- Texts: Upanishads, Puranas, Ramayana, Mahabharata
- Region: Kashi

Genealogy
- Parents: Divodasa (father), Madhavi (mother)
- Children: Ashtaka
- Dynasty: Chandravamsha

= Pratardana =

King in Hindu literature

Pratardana (प्रतर्दन) is a king of the Chandravamsha (Lunar dynasty) featured in Hindu literature. He is also called Dyuman, Shatrujit, Vatsa, Rithadhvaja, and Kuvalayashva. He is the son of King Divodasa of Kashi and Madhavi, the daughter of King Yayati. He is the father of Ashtaka.

== Legend ==

=== Ramayana ===
Pratardana is depicted as an ally of Rama in the Ramayana, and is described to have been praised by the avatara of Vishnu for assisting Bharata in the arrangements of his coronation ceremony.

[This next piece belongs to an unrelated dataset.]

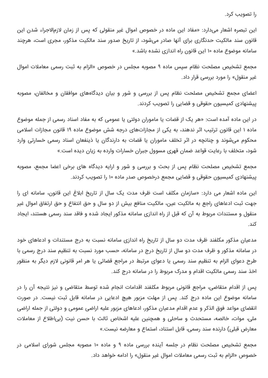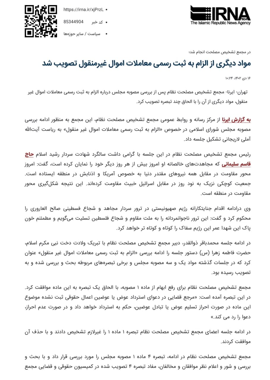 تصویب مصوبه مجلس درباره الزام به ثبت رسمی معاملات اموال غیر منقول اخبار سایتکمیته روابط عمومی ، رسانه و تشریفات بوسیله مدیر سایت به روز رسانی شده در دی ۱۷, ۱۴۰۲ 0 ((خبرگزاری جمهوری اسلامی ۱۶ دیماه ۱۴۰۲)) مجمع تشخیص مصلحت نظام پس از بررسی مصوبه مجلس درباره الزام به ثبت رسمی معاملات اموال غیر منقول، مواد دیگری از آن را با الحاق چند تبصره تصویب کرد. ⚜️روابط عمومی کانون سردفتران و دفتریاران خراسان رضوی⚜️ 🌐 سایت 📱 ایتا 📱 سروش 📱 تلگرام 📱 اینستاگرام

A tale based in the narrative of the Ramayana states that once, Pratardana made preparations to travel to Ayodhya to pay his respects to King Rama. He encountered Sage Narada during this journey. Narada made the king promise that he would not offer obeisance to Sage Vishvamitra at Rama's court. Pratardana acted accordingly when he arrived at the court. Vishvamitra grew furious at the lack of respect shown to him, and complained to Rama. Angered, Rama removed three arrows from his quiver and vowed to take the life of the king of Kashi before sunset. Terrified of the consequences, Pratardana sought the protection of Narada, who directed him to Anjana, the mother of Hanuman. Anjana requested her son to help the king. Hanuman flew Pratardana to the banks of the river Sarayu, and told him to wade waist-deep into the water and remain there, repeating Rama's name. Afterwards, he flew to Rama, and made a supplication: Any person who chanted the name of Rama would be protected by him, and no power in the universe, even God himself, would be able to harm such a person. Rama readily granted this. Thus, even as Rama fired his three arrows at Pratardana from his palace, he was saved by Hanuman due to the fact that he chanted Rama's name. When the king continued to chant the name of Rama in the presence of Vishvamitra, the sage was impressed by his piety and relieved Rama of his vow.

=== Mahabharata ===
At the ashvamedha (horse-sacrifice consecration) ceremony of Ashtaka, Pratardana, along with his fellow kings Vasumanas and Sivi, asked the divine sage Narada which of them would have to depart from their reward of stay at Svarga (heaven of the devas) first after their demise. Narada told them that Ashtaka would have to depart first due to his pride, and when enquired once more, stated that Pratardana would be the second. When enquired, the sage stated that he had once lived at the abode of Pratardana for a time, and regaled an incident in which a Brahmin sought a horse from the king while the two were riding upon a chariot. The king wished to give the man a horse after he had returned from his journey, but the latter insisted that he offered him one right then and there. Pratardana granted the Brahmin the horse that had been yoked on the right-hand wheel of his vehicle. Soon, a few more Brahmins appeared to seek the rest of the king's horses. While the king granted the men his horses and began to pull the chariot forward manually, he made a disparaging comment against them after they had left. Narada stated that this was the reason why he would leave Svarga second.